14. The Respondent on the other hand, simply put it as, that the Applicant/Plaintiff accepted the facilities and the repayment terms therein but has failed to observe the said terms despite numerous accommodation. That the Respondent is not privy to any of the mentioned third parties and in any event, the Plaintiff failed to deposit the proceeds from the sale of the Units to an escrow account as previously agreed. Lastly, that in the forwarding the Plaintiff’s information to the Credit Reference Bureaus (CRB) for listing, the Respondent merely executed a mandatory obligation imposed upon it by statute.
15. In view of the foregoing, I first wish to point out that it is not within the mandate of courts to rewrite contracts between parties in view of the hallowed legal maxim that parties are bound by the terms of their contract, unless coercion, fraud and undue influence are pleaded and proven.

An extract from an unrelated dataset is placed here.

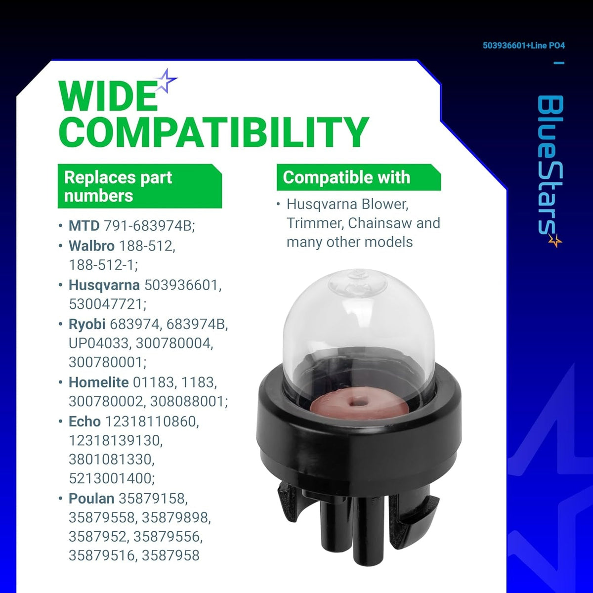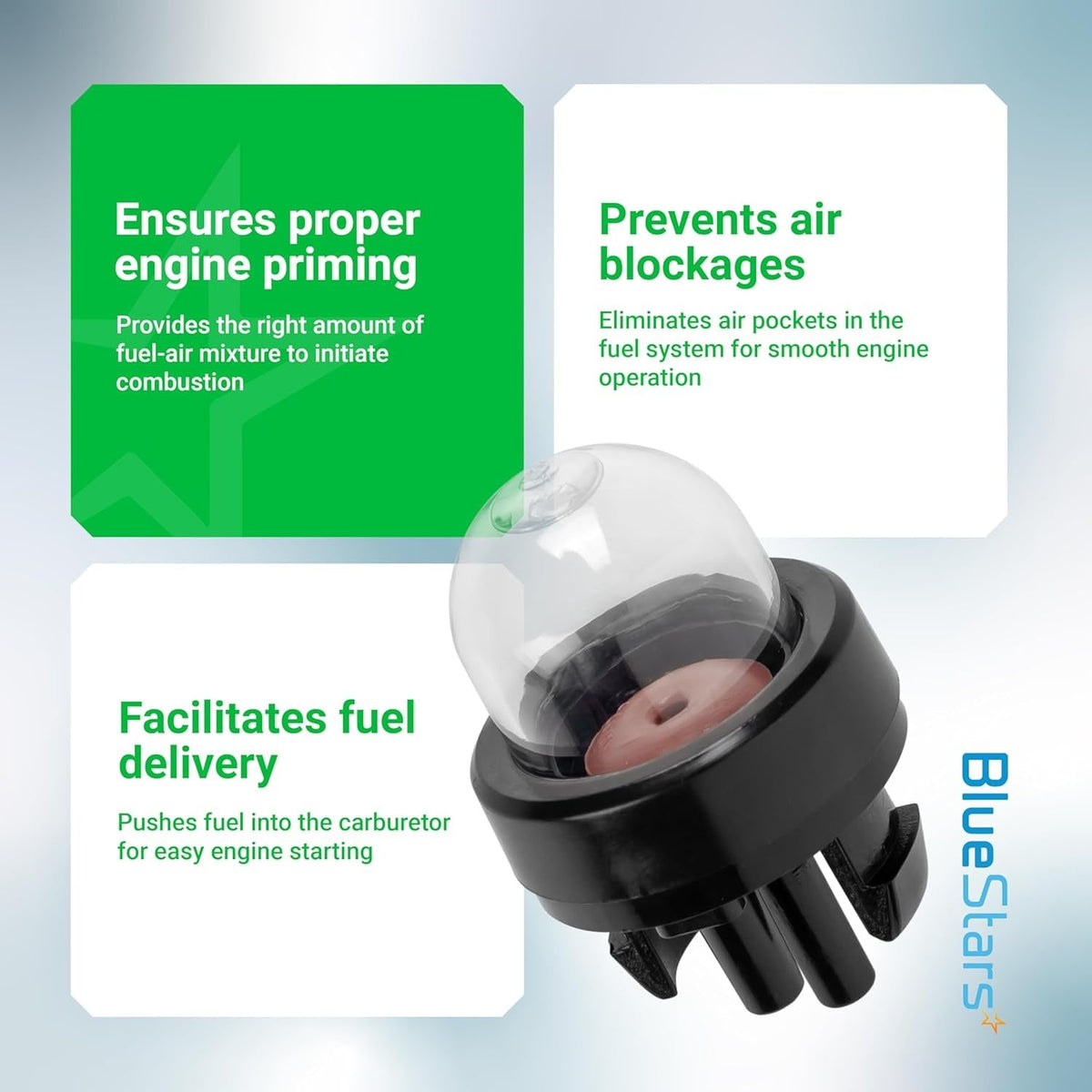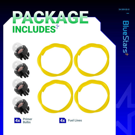 - Package includes 4 primer bulb assemblies and 2 fuel lines.

The relationship between the parties herein was established by the lending documents including the offer letters and charge documents securing the facilities offered. None of those documents envisage and or purport to cover the right of third parties who might purchase the Units in the properties offered by the Plaintiff/Applicant as security to the loans.

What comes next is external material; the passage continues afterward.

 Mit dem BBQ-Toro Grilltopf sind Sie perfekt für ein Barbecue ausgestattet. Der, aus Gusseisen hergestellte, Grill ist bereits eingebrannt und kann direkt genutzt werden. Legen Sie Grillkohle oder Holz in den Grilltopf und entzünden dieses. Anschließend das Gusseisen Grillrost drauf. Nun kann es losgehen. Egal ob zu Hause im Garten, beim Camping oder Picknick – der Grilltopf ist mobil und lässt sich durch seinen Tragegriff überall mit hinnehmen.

16. It is worth-noting that the Plaintiff/Applicant does not dispute that it is indebted to the Defendant and neither does it dispute the amounts owing to the Defendant. Perplexingly, the Plaintiff does not dispute that it defaulted in repayment of the loan amount that was advanced to it and neither has the Plaintiff stated what efforts it is making towards the repayment of the loan. It simply alleges that the enlisting of the Credit Reference Bureaus (CRB) has sabotaged it financially.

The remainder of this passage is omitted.